Every 5°C rise in maximum temperature pushes up the rate of hospital admissions for serious injuries among children, reveals one of the largest studies of its kind published online in Emergency Medicine Journal.

Conversely, each 5° C drop in the minimum daily temperature boosts adult admissions for serious injury by more than 3%, while snow prompts an 8% rise, the research shows.

The authors base their findings on the patterns of hospital treatment for both adults and children in 21 emergency care units across England, belonging to the Trauma Audit and research Network (TARN), between 1996 and 2006.

Any patient requiring hospital admission for more than three days, a transfer to another hospital or critical care, or who subsequently died after being injured, was included in the analysis in a bid to see if clear temporal patterns emerged, which were linked to prevailing weather conditions.

These criteria applied to just under 60,000 patients, whose average age was 48 (adults) and 10 (children). The data analysis indicated strong seasonal trends.

Among adults, every 5°C rise in maximum daily temperature and each additional two hours of sunshine increased the admission rate for serious injury by just under 2%.

But an even stronger pattern was seen among admissions for children, with equivalent temperature rises prompting a 10% increase in admissions and extra sunshine a 6% increase.

The authors calculate that the rate of children's admissions between the months of April and September may be up to 50% higher than average.

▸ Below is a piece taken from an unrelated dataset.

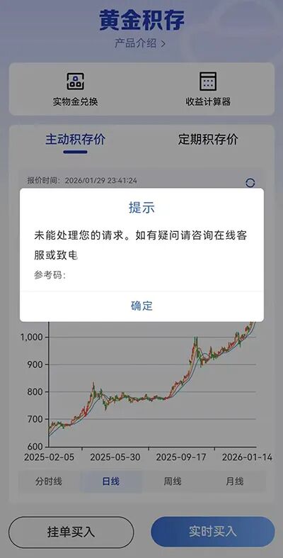 "买不进"的困局 华夏时报记者 付乐 北京报道 "眼看着金价跌了40分钟,至少指纹识别了100多次。都在抄底,抄不进去,点着点着睡着了。"有00后 投资者分享道。 近日,部分银行出现了积存金买不进,交易火爆的现象。2月3日,博通分析金融行业资深分析师王蓬博 对《华夏时报》记者表示,这一现象就是金价波动下交易需求短期集中爆发,直接超出了银行系统的承 载能力,再叠加银行主动管控交易节奏,属于运营层面的阶段性问题,不是产品底层逻辑或者市场系统 性风险的问题,而是银行端应对交易高峰的适配能力未及时跟上。 某银行积存金购买界面(由受访者供图) 1989年出生的冬冬(化名)在深圳从事房地产中介,2月3日晚上,她对本报记者表示,自己前几天在某 大行以均价1190元/克左右的价格购入积存金,陆续买入一两百克,投入资金数十万元。"当时买不进 去,之后又买进去了,买入后金价便出现波动,当前已跌至1090元/克左右。" "我是纯跟风玩一下,银行的朋友跟我说最近几个月黄金行情还行,投资有20%的收益,没想到自己刚 买入就被套牢。"冬冬直言,黄金投资赌性大、风险高,自己回本后便会撤出。 冬冬称,黄金投资短时间内可能损失本金和收益,远没 ...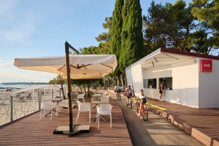 Plaža: do plaže nagrađene Plavom zastavom s popločanim ležaljkama i ležaljkama udaljeno je oko 200 metara kroz park. Suncobrani i ležaljke besplatni su za goste hotela uz predočenje iskaznice hotela (ograničeni broj).

At the other end of the scale, each 5°C drop in the minimum daily temperature boosted adult admissions for serious injury by more than 3%, while snow prompted an 8% rise.

Admissions peaked at weekends.

"The results of this extensive study, covering many trauma units of varying size and location over an extensive period of time, show strong and intuitively convincing relationships between recorded weather and trauma admissions," say the authors.

They conclude that this analysis could be used to predict daily admission rates, and therefore staffing levels and the planning of other resources.